Leave out pictures; repeat exactly the lines from the "Maybelline L.A. Colors" line through the last of the data below.

Segment Start: Task inputs

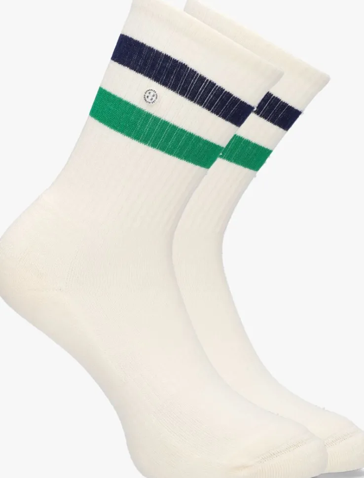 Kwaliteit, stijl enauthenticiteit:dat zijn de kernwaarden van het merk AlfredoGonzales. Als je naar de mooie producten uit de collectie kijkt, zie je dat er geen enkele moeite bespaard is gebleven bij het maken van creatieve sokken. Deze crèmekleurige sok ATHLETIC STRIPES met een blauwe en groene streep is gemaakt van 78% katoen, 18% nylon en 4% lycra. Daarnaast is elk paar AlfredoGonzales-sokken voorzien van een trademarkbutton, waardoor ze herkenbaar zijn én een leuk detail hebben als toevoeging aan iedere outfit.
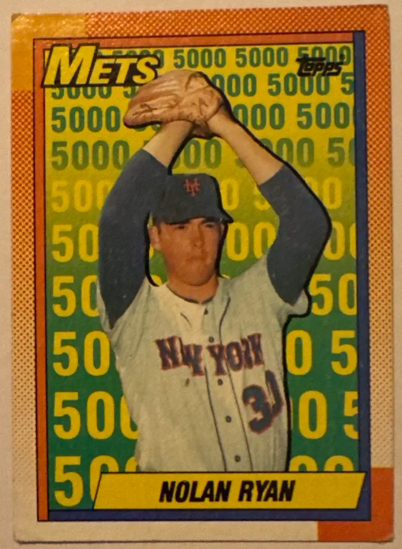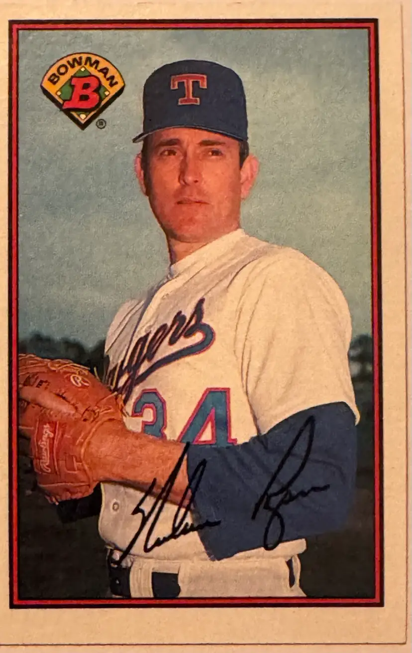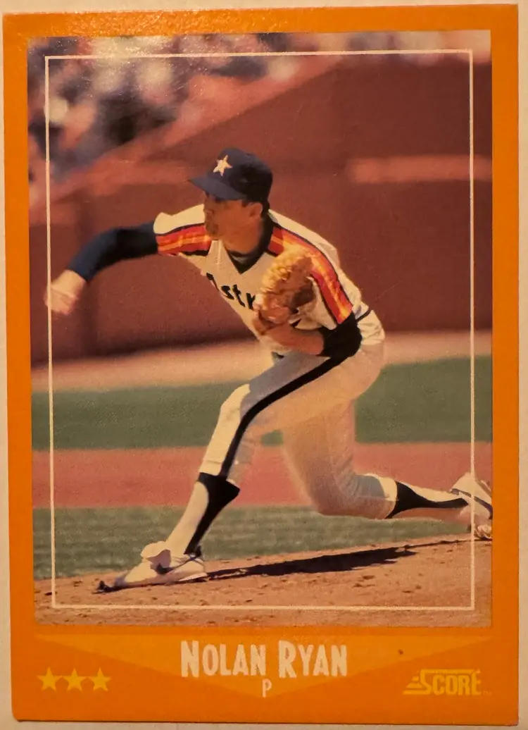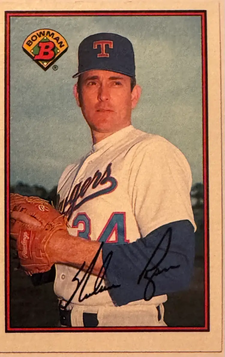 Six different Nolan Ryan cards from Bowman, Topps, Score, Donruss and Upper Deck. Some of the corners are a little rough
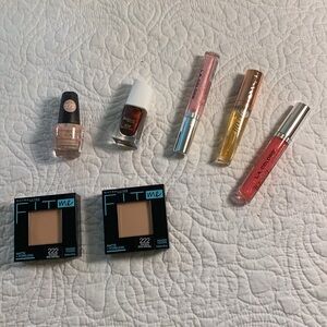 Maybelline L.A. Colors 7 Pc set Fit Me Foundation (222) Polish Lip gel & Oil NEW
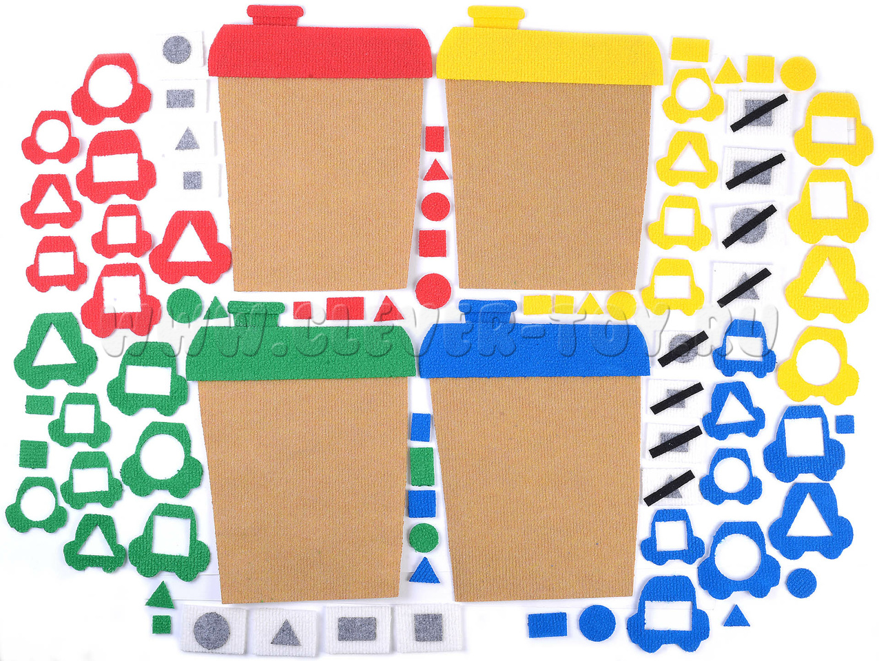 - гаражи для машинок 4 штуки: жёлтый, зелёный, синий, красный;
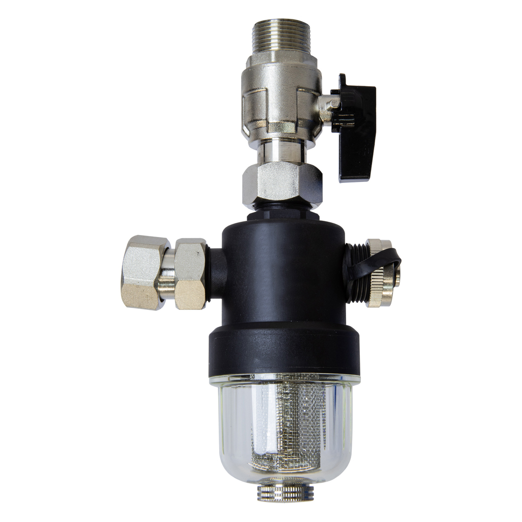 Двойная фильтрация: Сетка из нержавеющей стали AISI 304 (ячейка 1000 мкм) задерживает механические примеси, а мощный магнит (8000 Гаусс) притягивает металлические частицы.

Segment End: Task inputs

Exercise response:
 Maybelline L.A. Colors 7 Pc set Fit Me Foundation (222) Polish Lip gel & Oil NEW
 - гаражи для машинок 4 штуки: жёлтый, зелёный, синий, красный;
 Двойная фильтрация: Сетка из нержавеющей стали AISI 304 (ячейка 1000 мкм) задерживает механические примеси, а мощный магнит (8000 Гаусс) притягивает металлические частицы.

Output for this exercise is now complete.